Revitaminée par les montées au jeu dynamiques d’un Thomas Foket audacieux et d’un Leandro Trossard plus virevoltant que précieux, la Belgique chasse l’égalisation. De Bruyne bafouille son jeu au bout d’une diagonale spectaculaire de Tielemans, puis profite d’une sortie de balle de Vertonghen pour lever les yeux depuis le rond central, et envoyer Lukaku en duel face à la défense tchèque. Trois crochets suffisent à mettre le garde du corps KO, et à accoucher d’une 52e action décisive en neuf mois.

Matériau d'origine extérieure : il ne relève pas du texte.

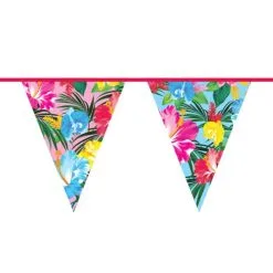 Een prachtige vlaggenlijn bedrukt met tropische bloemen. Lengte: 6 meter. Mooie versiering voor een tropisch zomerfeest.

En trouvant enfin un créateur entre les lignes, après avoir désespérément cherché l’espace directement derrière elles, les Diables se remettent à l’endroit. Un décalage de Lukaku pour Foket, qui dépose une parabole dans la course de KDB, finit même son aventure sur le poteau.

PLIER SANS ROMPRE

Parce que les pieds ne prennent jamais le dessus sur les jambes, la fin de rencontre se joue sur l’échiquier rouge. Un contrôle raté de Provod oublie de sanctionner une relance dramatique de Vertonghen, incarnation de vingt minutes finales bouclées par Denayer avec 36% de passes ratées. Le trio défensif se noie à la relance, Dendoncker plonge sans oxygène, et Tielemans n’a qu’un dribble à offrir pour faire respirer une Belgique qui boit la tasse dans l’indifférence de son maître-nageur citizen. Plus que de ceux qui donnent les passes, le problème des sorties de défense vient de ceux qui les reçoivent, et doivent servir de bouée une fois que le jeu émerge. Pour conserver la possession sous pression, la Belgique ne sait pas vivre sans Eden Hazard, surtout quand le cascadeur Carrasco n’est pas là pour jouer les doublures.

S’il y a encore une frappe du gauche signée De Bruyne et un contre mal négocié par le numéro 7 diabolique, le sprint final est très axé couleur locale. Une frappe au bout d’un corner repoussé fait trembler la barre d’un Courtois impuissant, qui place ensuite une dernière fois les gants sur la route de ses filets, puis voit Toby Alderweireld les préserver d’une tête imparable de Soucek.

La Belgique arrache un point du champ de bataille. Au coup de sifflet final, Krmencik est le seul titulaire à facturer plus de 90% de passes réussies, dans un match bouclé à 39 duels aériens disputés, surtout dus aux 19% de passes longues tchèques. Face aux écrans, la frayeur d’une longue averse de printemps vécue en solitaire douche déjà les rêves d’été fraternel et ensoleillé. Craintes justifiées ou doutes prématurés? La réponse commencera à s’écrire en juin. D’ici là, il reste à se rappeler que personne n’a jamais coté une feuille de brouillon.